#### [EXERCISE INSTRUCTIONS]
What is printed must match, line for line, the records from their first line through the line containing "Кому-то чистый красный", with pictures left out.
※
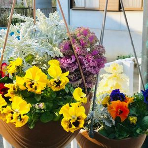 おはようございます☀️ 金魚草さんホワイトは清楚ですね✨ 寄せ植えさん華やかです🥰 パンが食べたくなり🍞お店へ 良い一日を
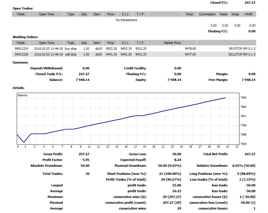 Re: Saben de sistemas automaticos con martingala qué funcionHola Grijan77, aparentemente es un antigrid ¿verdad? Al menos me recuerda al Snowball o a uno de los que hizo Ilan. El problema es que al hacerle backtest en Dax me lanza un buy y un sell stop, se cierran y ya, incluso aumentando el número de compras y ventas abiertas, ¿es normal?
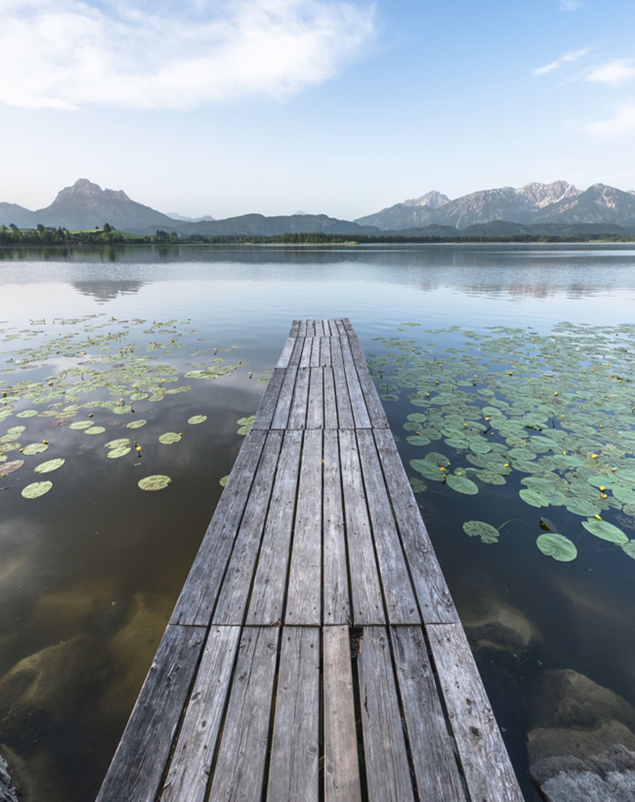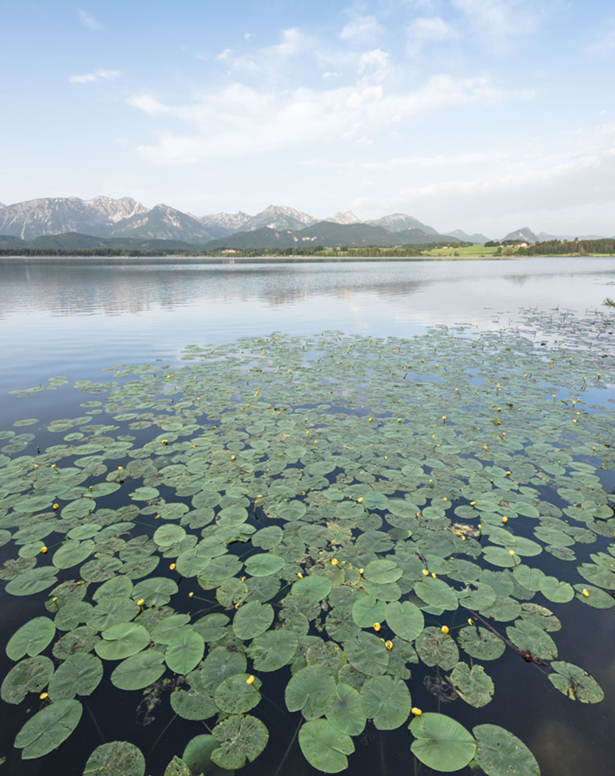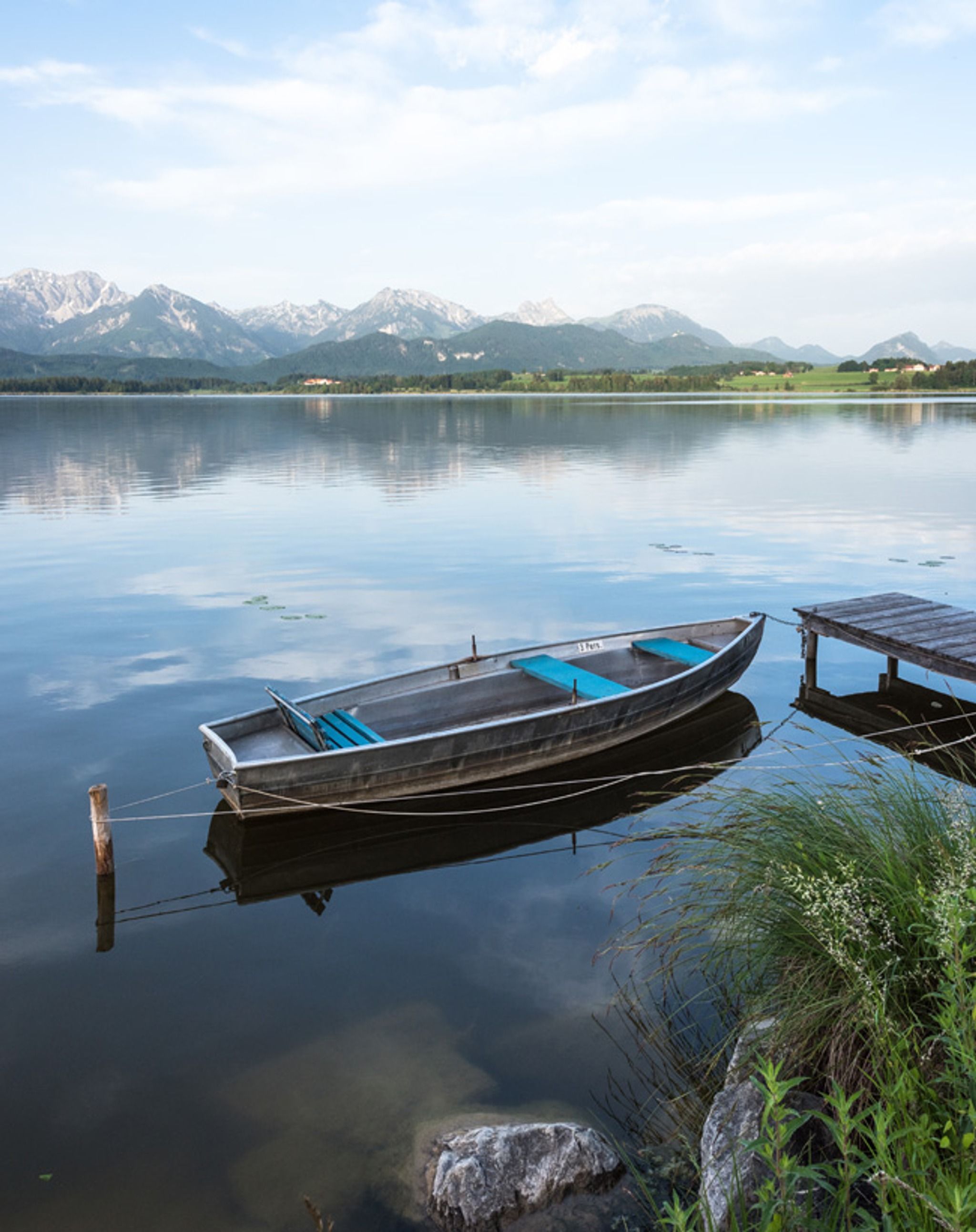 Der Hopfensee ist für viele nicht Ortskundige ein echter Geheimtipp und ein Top-Fotospot in Bayern. Der Hopfensee ist leicht mit dem Auto zu erreichen und in der Ferne ragen die Alpen in den Himmel. Fotografenherz, was begehrst du mehr.
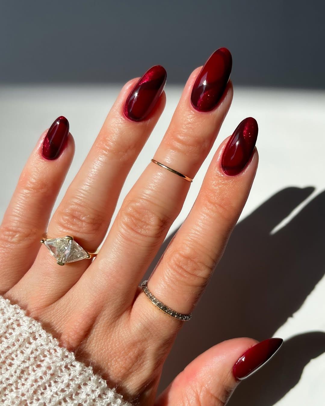 Кому-то чистый красный цвет не идет или просто не нравится, но надо помнить, что у него много оттенков. Бордовый один из них. И да, в Новый год 2026 он тоже будет денежным. Комбинируй на ногтях винный тон и более темный его оттенок с красивым блестящим лаком. Такое сочетание привлечет если не деньги, то восхищения и комплименты уж точно!
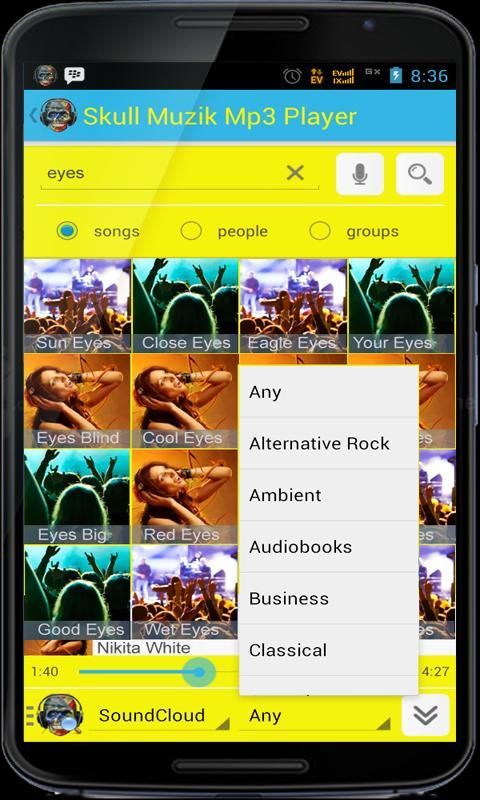 - Untuk tersedia lagu, genre, pengguna dan kelompok SoundCloud trek
※
#### [RESPONSE]
 おはようございます☀️ 金魚草さんホワイトは清楚ですね✨ 寄せ植えさん華やかです🥰 パンが食べたくなり🍞お店へ 良い一日を
 Re: Saben de sistemas automaticos con martingala qué funcionHola Grijan77, aparentemente es un antigrid ¿verdad? Al menos me recuerda al Snowball o a uno de los que hizo Ilan. El problema es que al hacerle backtest en Dax me lanza un buy y un sell stop, se cierran y ya, incluso aumentando el número de compras y ventas abiertas, ¿es normal?
 Der Hopfensee ist für viele nicht Ortskundige ein echter Geheimtipp und ein Top-Fotospot in Bayern. Der Hopfensee ist leicht mit dem Auto zu erreichen und in der Ferne ragen die Alpen in den Himmel. Fotografenherz, was begehrst du mehr.
 Кому-то чистый красный цвет не идет или просто не нравится, но надо помнить, что у него много оттенков. Бордовый один из них. И да, в Новый год 2026 он тоже будет денежным. Комбинируй на ногтях винный тон и более темный его оттенок с красивым блестящим лаком. Такое сочетание привлечет если не деньги, то восхищения и комплименты уж точно!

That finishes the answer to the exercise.